“Journey through time to a place like no other!”
When I started The John Saxon Project, I knew that I would have to take the highs with the inevitable lows. But seriously, John: how low do you want to go?!
Sandwiched between significant work in Italy (revisiting the Gialli with Tenebrae) and A Nightmare on Elm Street, Saxon plummets to uncharted depths in Terry Marcel‘s über snooze-fest Prisoners of the Lost Universe, a shit kind of Flash Gordon starring the guy from Battlestar Galactica (Richard Hatch), a woman who went on to feature in TV turkey Hitler’s Daughter (Kay Lenz) and directed by a Brit who would subsequently work on Bergerac and crap ITV shows like The Bill and Heartbeat. Cry Hawk the Slayer all you like: the bottom well and truly fell out for Terry Marcel when he was relegated to Saturday night rubbish like The New Adventures of Robin Hood, for goodness sake…
Kenneth Hendel (better remembered as the creepy combover crook in Pete Walker movies) plays Dr Hartmann, an eccentric scientist who accidentally teleports himself, Lenz and Hatch into a parallel universe where John Saxon is some kind of medieval warlord. There’s a gentle giant, a not so gentle giant, a bunch of midgets in lit-up furry helmets and the midget from Harry Potter and the Chamber of Secrets. There’s also some badly choreographed “action” sequences, extremely odd cartoon-like sound affects and a LOT of lame humour, but none of this could ever compensate for the mind numbing mediocrity that sets in approximately five minutes after the film has started.

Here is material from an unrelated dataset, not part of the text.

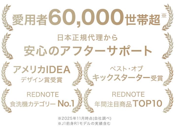 LISSOMEは2025年に旧モデルのR1を発表以来、狭いキッチンにも扱いやすいコンパクトさと高い洗浄力が評価され、瞬く間に出荷台数が60,000台を超え、様々なデザイン賞や人気賞を獲得しています。
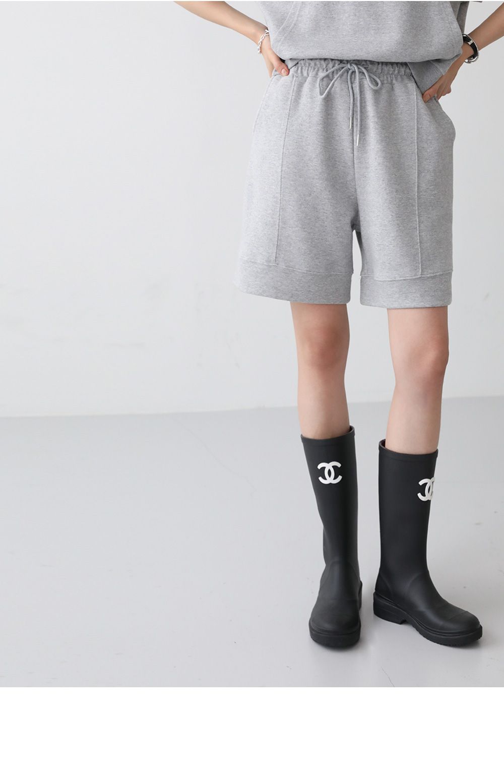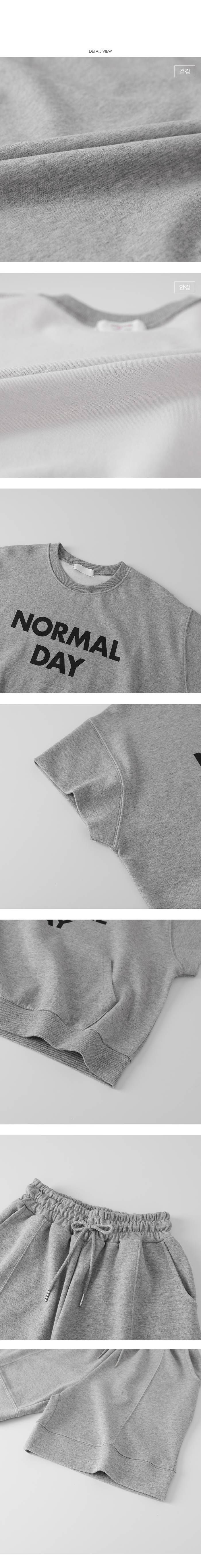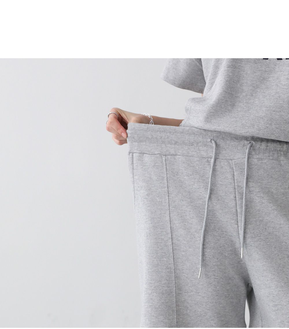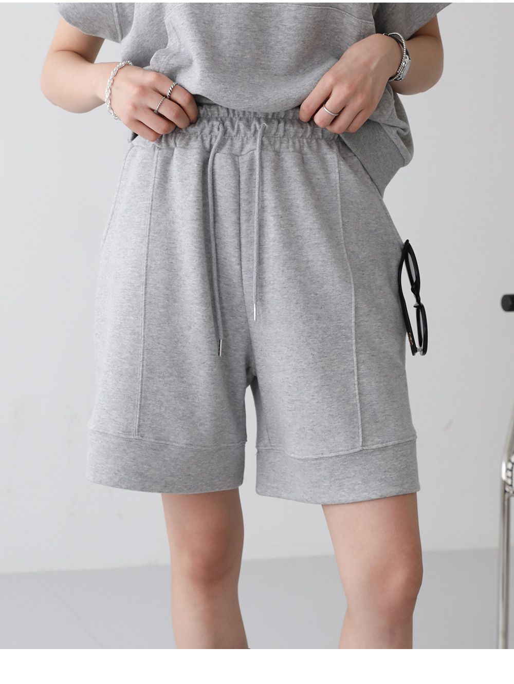 超值兩件組/圓領/寬袖/大口袋上衣/棉質/加寬抽繩鬆緊腰/雙口袋/立體車線短褲 - 大口袋字母套裝短袖上衣出芽車線短褲兩件式套裝灰色奶油色深藍色

Prisoners of the Lost Universe has TV Pilot written all over it. Whilst it’s nice to see John Saxon play a Genghis Khan type figure, he looks pretty weird doing so adorned in a fur waistcoat and sporting a well groomed “parallel universe style” goatee beard. Everything about this feels sadly desperate – cobbled together by a group of people who didn’t have much else going on at the time and who had figured a sub-standard medieval parallel universe swashbuckler sounded like a good idea. Basically, there’s nothing here you can’t find elsewhere. Except maybe for the bunch of midgets in lit-up furry helmets who get tossed, lemming-like, over the edge of a cliff…
So yeah, maybe watch it for that…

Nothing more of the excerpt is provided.